Work instructions:
Among the entries below, find the line with "Black walls provide" and the line with "2024.12.20 活動報告(IN) 踊りの会". Return exactly those lines and every line between them, but no pictures.

Data for analysis:
_ _ _ _ _
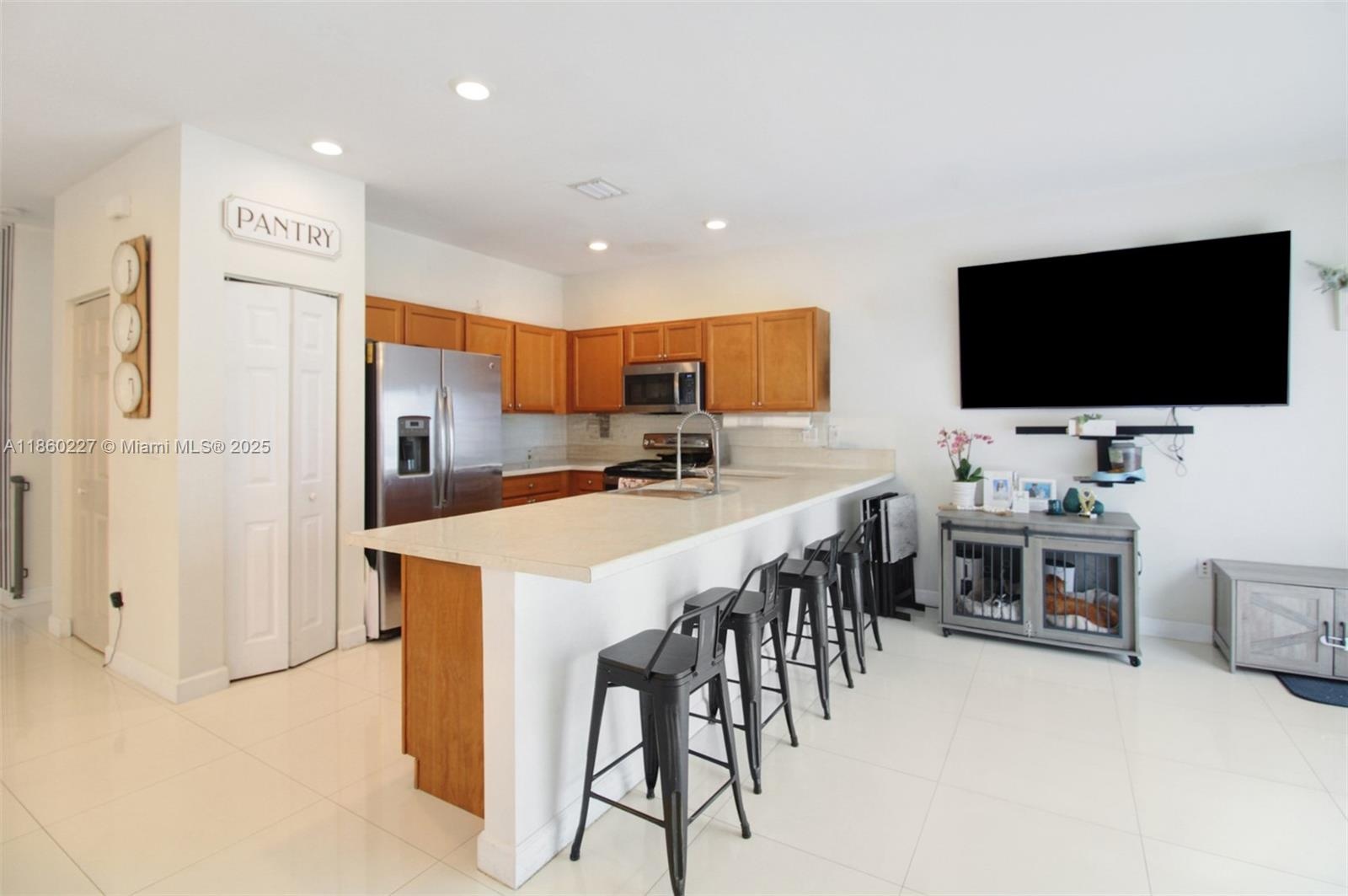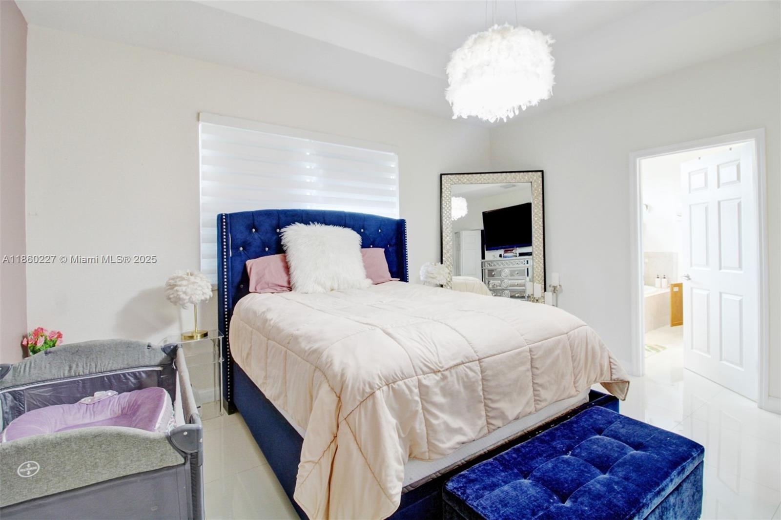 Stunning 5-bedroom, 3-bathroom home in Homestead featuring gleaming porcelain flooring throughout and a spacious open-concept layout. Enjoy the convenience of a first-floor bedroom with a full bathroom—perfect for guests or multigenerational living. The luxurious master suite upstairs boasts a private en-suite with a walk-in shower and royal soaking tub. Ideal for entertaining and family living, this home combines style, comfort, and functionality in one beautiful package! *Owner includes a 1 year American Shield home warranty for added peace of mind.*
_ _ _ _ _
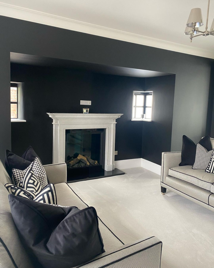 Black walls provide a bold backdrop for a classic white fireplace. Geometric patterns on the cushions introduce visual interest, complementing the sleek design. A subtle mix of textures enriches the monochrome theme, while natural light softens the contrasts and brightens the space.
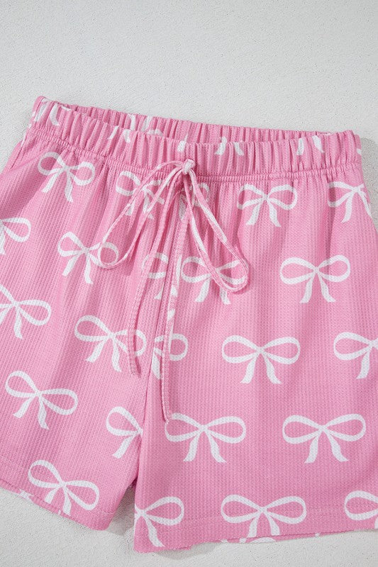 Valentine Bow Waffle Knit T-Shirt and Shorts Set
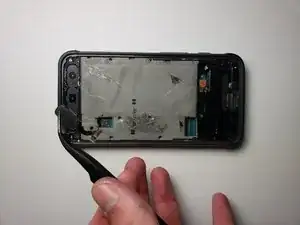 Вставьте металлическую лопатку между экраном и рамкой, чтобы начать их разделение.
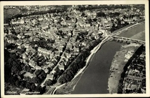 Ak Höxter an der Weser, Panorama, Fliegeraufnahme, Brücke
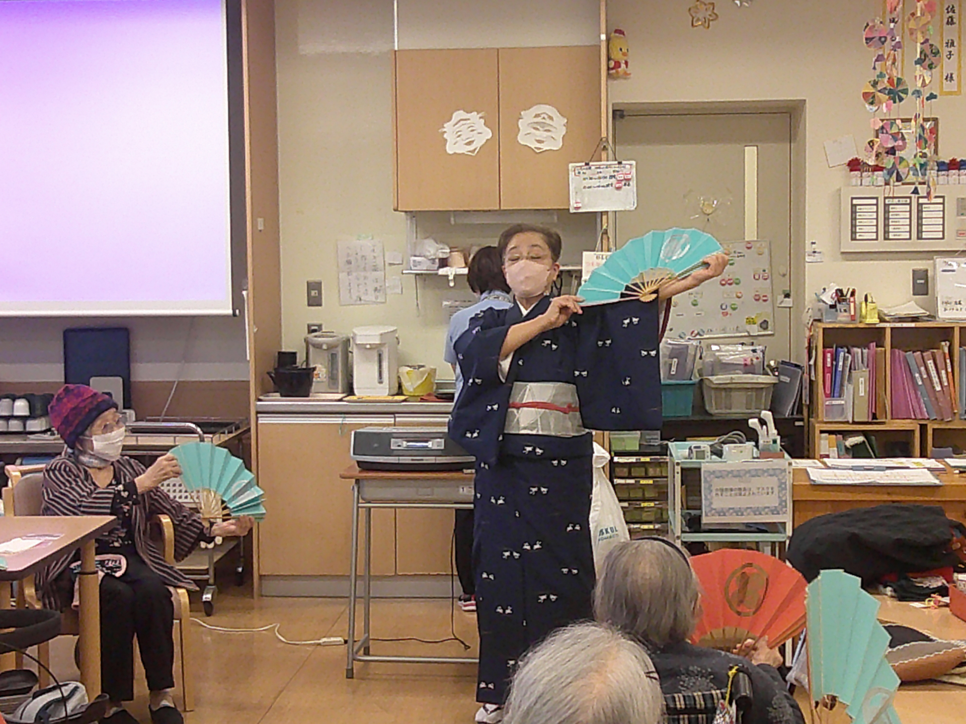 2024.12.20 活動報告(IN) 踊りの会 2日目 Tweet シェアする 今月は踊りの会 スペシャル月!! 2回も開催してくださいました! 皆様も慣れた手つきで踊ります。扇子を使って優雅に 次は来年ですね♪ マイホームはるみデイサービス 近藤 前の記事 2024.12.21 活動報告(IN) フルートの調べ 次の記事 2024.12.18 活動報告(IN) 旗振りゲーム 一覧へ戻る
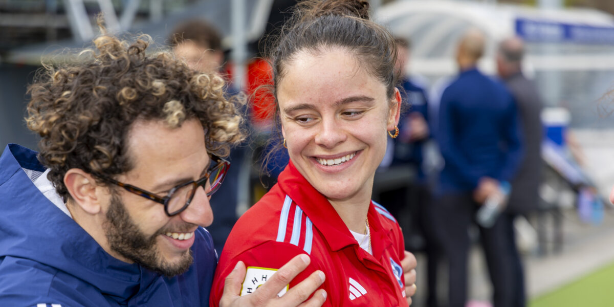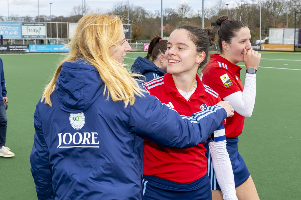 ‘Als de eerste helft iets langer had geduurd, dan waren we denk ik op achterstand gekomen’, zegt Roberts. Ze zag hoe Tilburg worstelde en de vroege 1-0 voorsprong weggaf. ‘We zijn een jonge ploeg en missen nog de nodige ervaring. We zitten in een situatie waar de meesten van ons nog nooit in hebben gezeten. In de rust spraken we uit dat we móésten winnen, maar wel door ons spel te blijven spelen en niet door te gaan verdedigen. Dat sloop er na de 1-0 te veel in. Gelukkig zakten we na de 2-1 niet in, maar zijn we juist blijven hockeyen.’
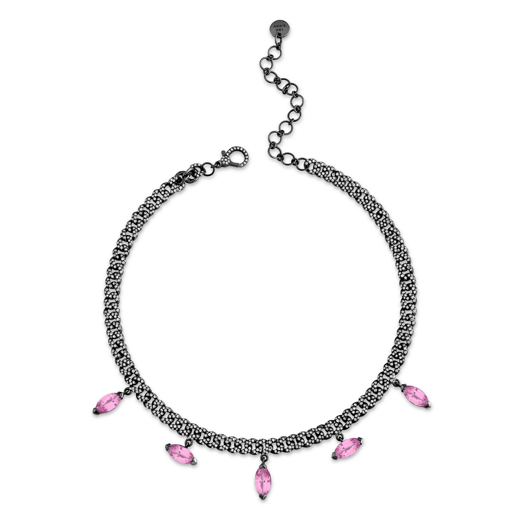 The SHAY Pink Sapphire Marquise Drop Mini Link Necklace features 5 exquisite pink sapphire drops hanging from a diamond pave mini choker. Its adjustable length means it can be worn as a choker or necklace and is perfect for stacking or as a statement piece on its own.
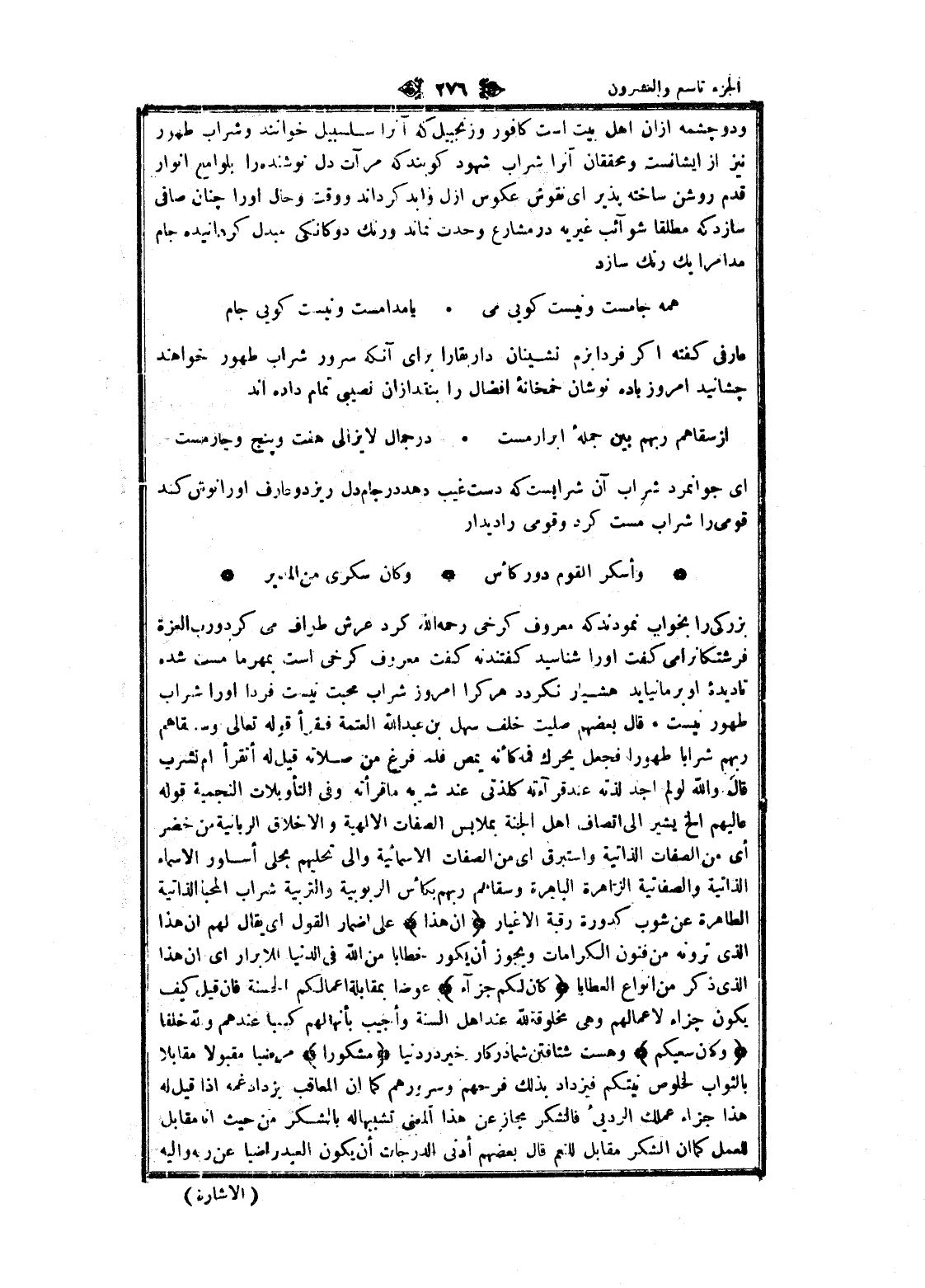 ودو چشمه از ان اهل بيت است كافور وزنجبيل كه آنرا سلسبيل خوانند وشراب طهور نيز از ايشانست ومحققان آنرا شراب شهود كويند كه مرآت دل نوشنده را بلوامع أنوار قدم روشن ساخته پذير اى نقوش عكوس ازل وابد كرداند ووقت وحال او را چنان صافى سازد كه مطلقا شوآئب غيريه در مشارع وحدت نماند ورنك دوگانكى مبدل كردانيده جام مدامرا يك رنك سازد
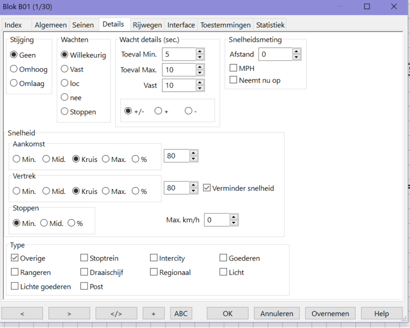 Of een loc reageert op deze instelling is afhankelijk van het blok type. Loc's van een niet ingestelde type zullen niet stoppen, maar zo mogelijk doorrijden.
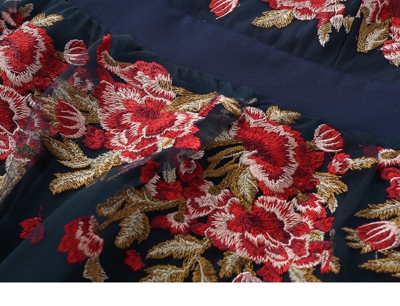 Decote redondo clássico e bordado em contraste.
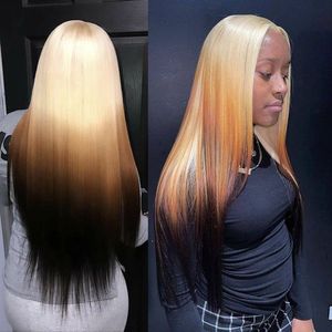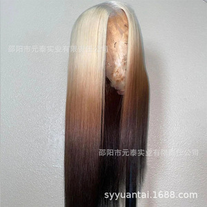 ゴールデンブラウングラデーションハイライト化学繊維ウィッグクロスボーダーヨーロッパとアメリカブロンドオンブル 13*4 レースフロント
_ _ _ _ _
Written answer:
 Black walls provide a bold backdrop for a classic white fireplace. Geometric patterns on the cushions introduce visual interest, complementing the sleek design. A subtle mix of textures enriches the monochrome theme, while natural light softens the contrasts and brightens the space.
 Valentine Bow Waffle Knit T-Shirt and Shorts Set
 Вставьте металлическую лопатку между экраном и рамкой, чтобы начать их разделение.
 Ak Höxter an der Weser, Panorama, Fliegeraufnahme, Brücke
 2024.12.20 活動報告(IN) 踊りの会 2日目 Tweet シェアする 今月は踊りの会 スペシャル月!! 2回も開催してくださいました! 皆様も慣れた手つきで踊ります。扇子を使って優雅に 次は来年ですね♪ マイホームはるみデイサービス 近藤 前の記事 2024.12.21 活動報告(IN) フルートの調べ 次の記事 2024.12.18 活動報告(IN) 旗振りゲーム 一覧へ戻る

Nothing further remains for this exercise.